The questions you ask are sometimes more important than the answers they bring. That’s because even though hindsight is 20/20, those revelations sometimes come too late to bring about effective change.
“If we could predict future prices, [for example], we would simply wait until the market price is at its highest level, then market an entire year’s worth of production,” according to John Berry, ag marketing educator with Penn State University. “Imagine how fun that would be. Since this ability is not possible, grain marketers are stuck with doing the best they can with what they have.”
In particular, farmers need to know their true cost of production to implement truly effective marketing strategies, Berry says. The challenge is, farmers often tell him they don’t know cost of production until harvest is over.

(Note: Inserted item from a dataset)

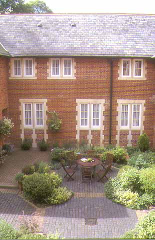中庭も芝生が青々とし、がちょうが朝夕にやってきます。監視カメラが24時間機能し、 安全対策も万全です。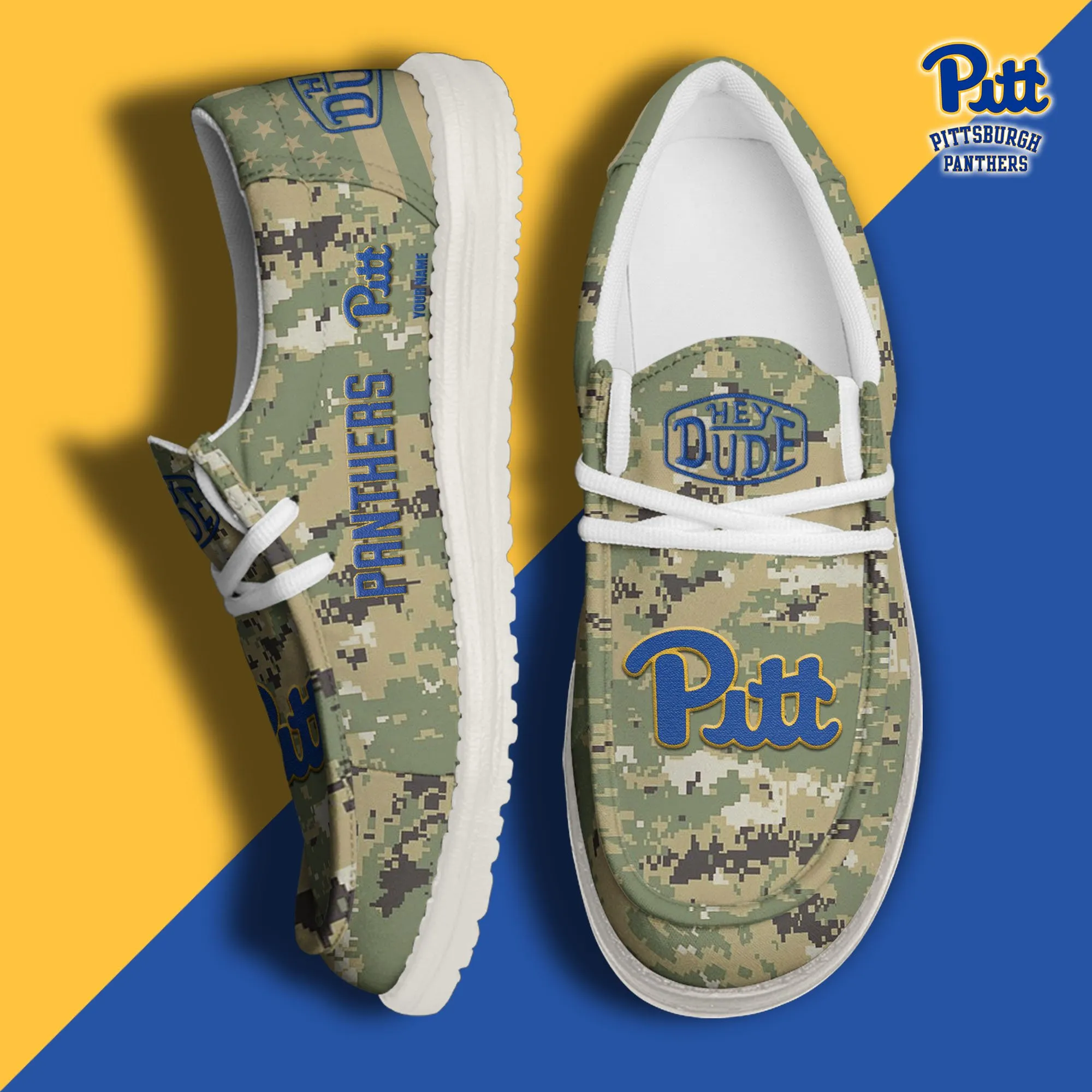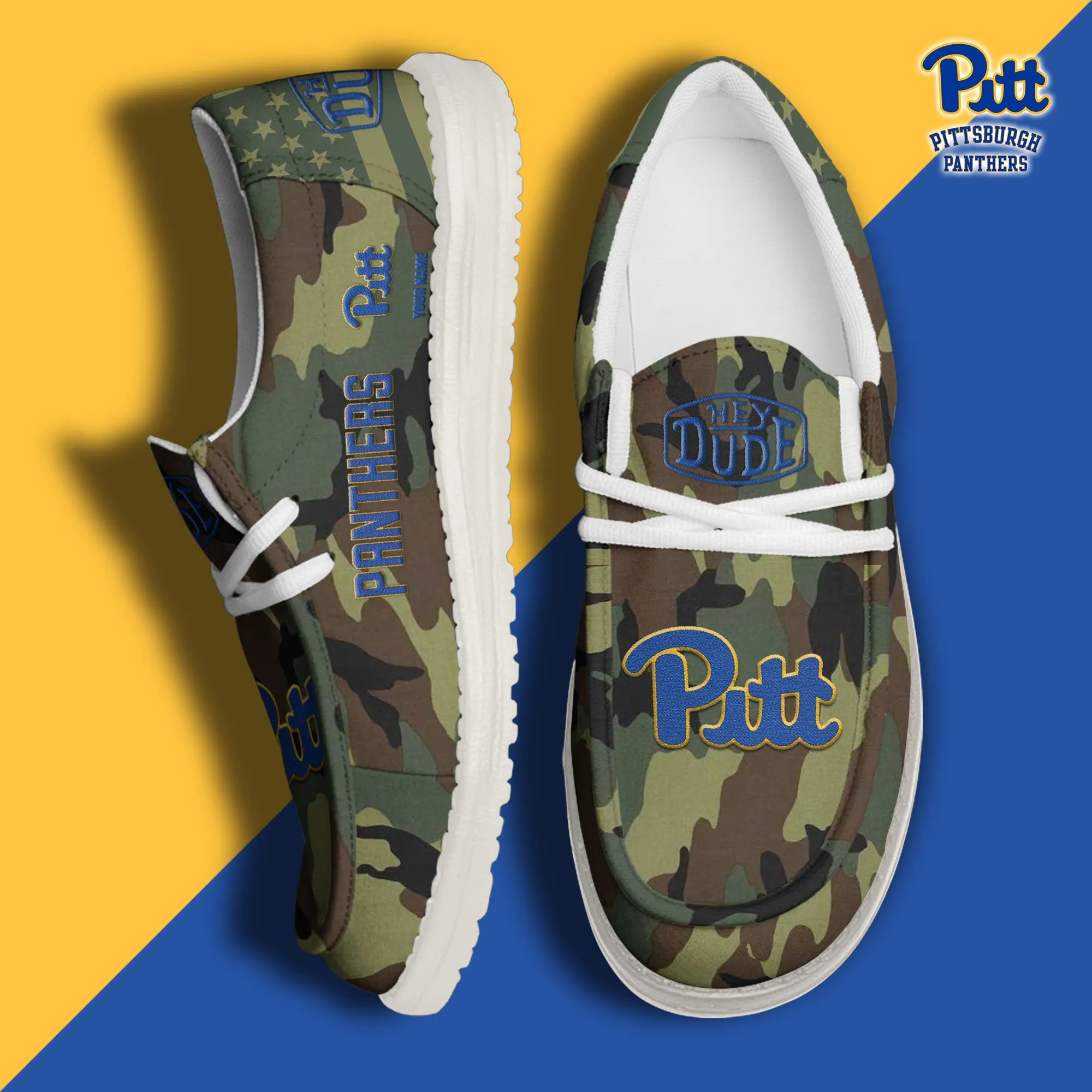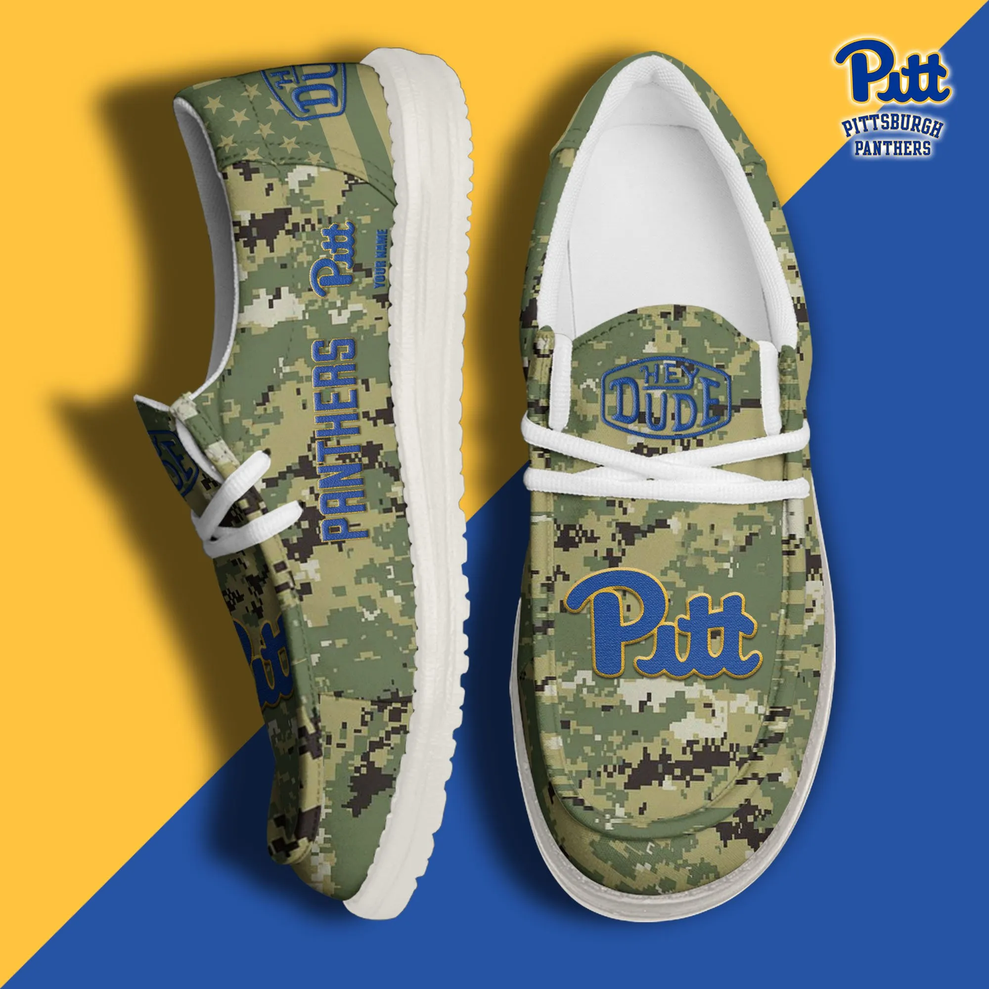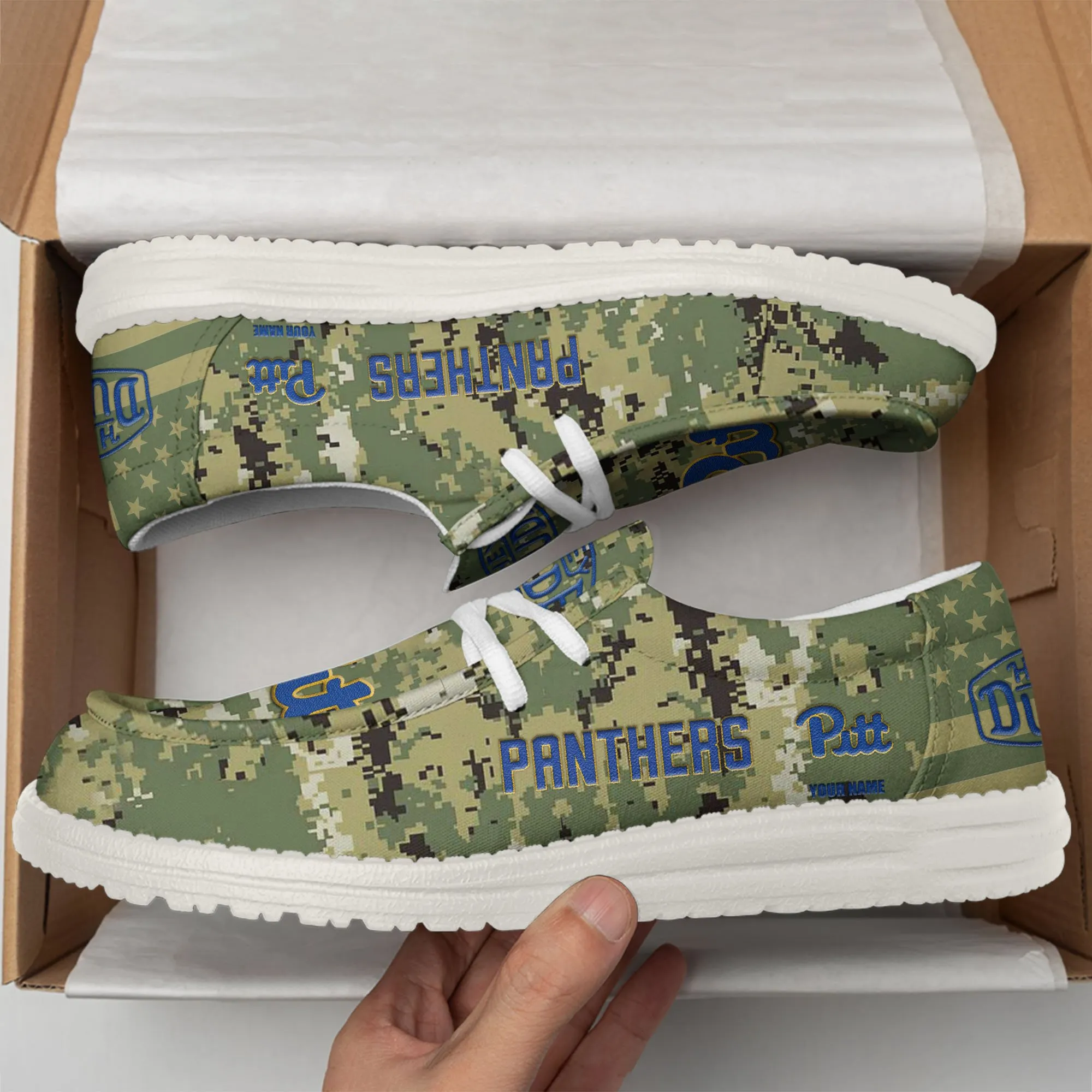 Pittsburgh Panthers 3D Print Dude Shoes Camo Green For Men Women

“I agree with this,” he says. “However, my point is we can make a fairly accurate guess of next year’s cost of production by using last year’s costs and yield well before the crop is even planted. We do not have to wait until after harvest to know the cost of operating our grain business to decide on a market price we like.”
So back to asking questions. Berry says farmers who ask – and answer – these four questions in particular will help them do the best they can with what they have.
- What does it cost for your farm to operate?
- What do you expect prices to be?
- What is your current guess of total 2016 farm revenues?
- What is your farm management team’s plan for managing your business in the months ahead?
Any time you can sell bushels for above your cost of production, you are in effect locking in “a modicum of profit,” however big or small, Berry adds. In that regard, trying to project future prices isn’t pure folly, he says.
“Remember, nobody can predict the future with any certainty, but it can offer some insight that might be reflected in our price expectations when we try,” Berry says.